All we need is an easy explanation of the problem, so here it is.
Given database of the website “eMovies” that manage data about cinema movies.
Write in SQL query the most common genre (that have the biggest number of movies)
The tables:
Actors
ActorID PK
Firstname
LastName
Directors
DirectorID PK
Firstname
LastName
Genres
GenreID PK
GenreDescr
Movies
MovieID PK
MovieName
Year
ActorsMovies
MovieID PK
ActorID PK
DirectorsMovies
MovieID PK
DirectorID PK
GenresMovies
MovieID PK
GenreID PK
My attempt:
SELECT GenresDescr
FROM GenresMovies NATURAL JOIN Genres
WHERE GenresMovies.GenresID=Genres.GenresID
GROUP BY GenreDescr
HAVING MAX(COUNT(GenresMovies.MovieID));
I’m stuck, my code does not work.
EDIT: attampt number 2 after using @Darwin von Corax hint:
SELECT Genres.GenreDescr,COUNT(GenresMovies.GenreID) AS MCount
FROM GenresMovies,Genres
WHERE GenresMovies.GenreID = Genres.GenreID
GROUP BY GenresMovies.GenreID,Genres.GenreDescr
HAVING MCount=MAX(MCount);
But still the code does not work
How to solve :
I know you bored from this bug, So we are here to help you! Take a deep breath and look at the explanation of your problem. We have many solutions to this problem, But we recommend you to use the first method because it is tested & true method that will 100% work for you.
Method 1
I think this one needs a subquery, although someone else may prove me wrong.

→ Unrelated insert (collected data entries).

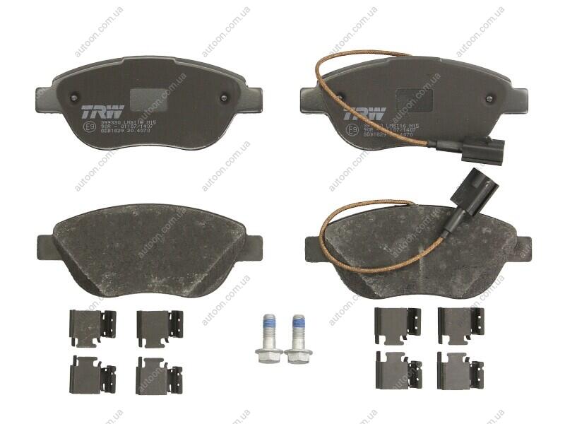 Комплект гальмівних колодок передн (з комплектуючими з гвинтами гальмівного супорта), ABARTH 500 / 595 / 695, 500C / 595C / 695C FIAT BRAVO, BRAVO II, DOBLO, DOBLO CARGO 1.3D-2.0D 04.99- TRW GDB1829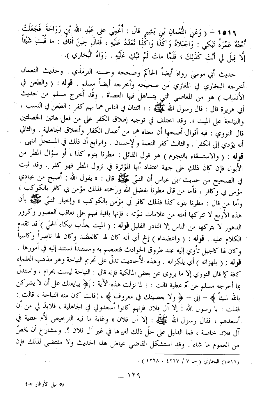 1516 - (وَعَنْ النُّعْمَانِ بْنِ بَشِيرٍ قَالَ: أُغْمِيَ عَلَى عَبْدِ اللَّهِ بْنِ رَوَاحَةَ فَجَعَلَتْ أُخْتُهُ عَمْرَةُ تَبْكِي: وَاجَبَلَاهُ وَاكَذَا وَاكَذَا تُعَدِّدُ عَلَيْهِ، فَقَالَ حِينَ أَفَاقَ: مَا قُلْت شَيْئًا إلَّا قِيلَ لِي أَنْتَ كَذَلِكَ؛ فَلَمَّا مَاتَ لَمْ تَبْكِ عَلَيْهِ رَوَاهُ الْبُخَارِيُّ)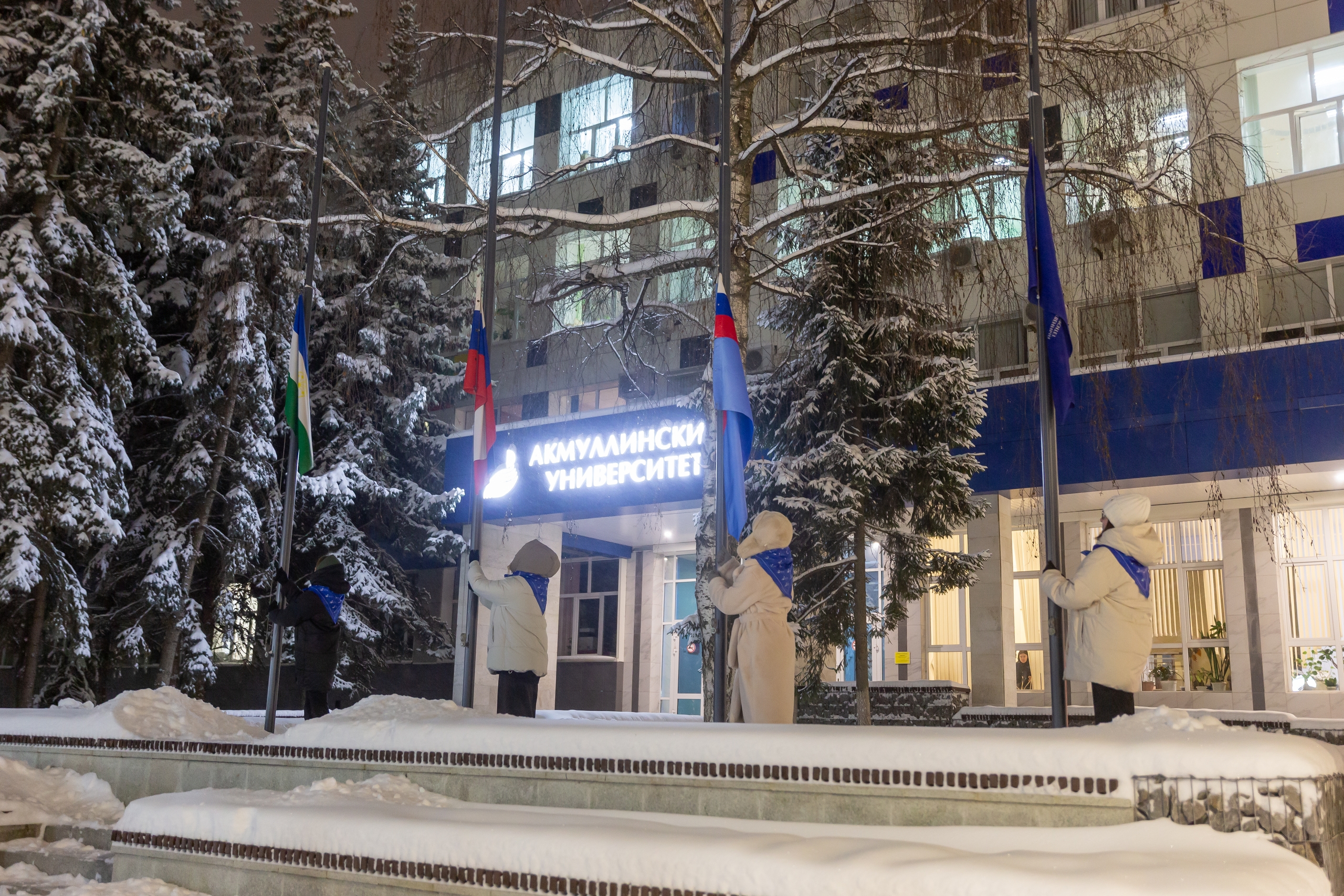 Флаги перед Акмуллинским университетом подняли студенты ИФОМК

Lets take it step-by-step: First, lets get the genre of every movie in GenresMovies
, along with the description:
-- query 1 --
SELECT gm.GenreID, g.GenreDescr
FROM GenresMovies gm, Genres g
WHERE gm.GenreID = g.GenreID;
Note this is an alternate syntax for performing an inner join; I prefer it simply because it’s what I’m used to.
Now use an aggregate function to count the occurrences of each genre:
-- query 2 --
SELECT COUNT(gm.GenreID) AS movieCount, g.GenreDescr
FROM GenresMovies gm, Genres g
WHERE gm.GenreID = g.GenreID
GROUP BY gm.GenreID;
Note that most databases require all columns not being aggregated to be listed in the GROUP BY
clause, in which case you would use
GROUP BY gm.GenreID, g.GenreDescr;
which in this case will produce the same result. Also note I’ve given the COUNT()
column an alias; this will be handy in the next step.
You now have a list of genres, along with the number of movies in each genre, and you want to find the largest value in that list. One way to do this is to treat the above query as though it were a table, and query it. This is known as a subquery (or derived table in this case); you simply take the previous query, wrap it in parentheses, and drop it into the outer query’s FROM
clause in place of a table name:
-- query 3 --
SELECT MAX(res.movieCount) AS movieCount, res.descr
FROM (
SELECT COUNT(gm.GenreID) AS movieCount, g.GenreDescr AS descr
FROM GenresMovies gm, Genres g
WHERE gm.GenreID = g.GenreID
GROUP BY gm.GenreID, g.GenreDescr
) res;
The outer query has no GROUP BY
clause, as you want to aggregate a single value from the entire result of the inner query. The res
at the end simply gives a name to the subquery; this is required for syntactic completeness.
This solution returns a single row. For the situation where several genres are tied for first place, see below.
Note my use of indentation; the database doesn’t care about indentation, but you should, as it helps you to visualize the structure of your code.
Now the problem with query 3 is that – except for MySQL and not all its versions, even there – it doesn’t work. It will give some syntax error because for the second aggregation, this part:
SELECT MAX(res.movie_count) AS movie_count, res.descr
FROM (...) res;
the descr
is in the SELECT
list but not in the GROUP BY
list. And this is not allowed because we are aggregating many rows into one (to find the MAX
of the movie_count
) but if there are more than one, different descriptions, which one should be shown? The query is rejected. In MySQL, where it allowed, you’d get a random indeterminate result, one of the descriptions.
So, lets correct the query to get only the maximum of the movie_count:
-- query 4 --
SELECT MAX(res.movieCount) AS movieCount
FROM (
SELECT COUNT(gm.GenreID) AS movieCount, g.GenreDescr as descr
FROM GenresMovies gm, Genres g
WHERE gm.GenreID = g.GenreID
GROUP BY gm.GenreID, g.GenreDescr
) res;
We can improve it a bit by removing the join to Genres
, since we don’t use any of its columns in the result:
-- query 5 --
SELECT MAX(res.movieCount) AS movieCount
FROM (
SELECT COUNT(gm.GenreID) AS movieCount
FROM GenresMovies gm
GROUP BY gm.GenreID
) res;
We now have two working queries that give us the maximum count of movies per genre. But we don’t have the genres themselves!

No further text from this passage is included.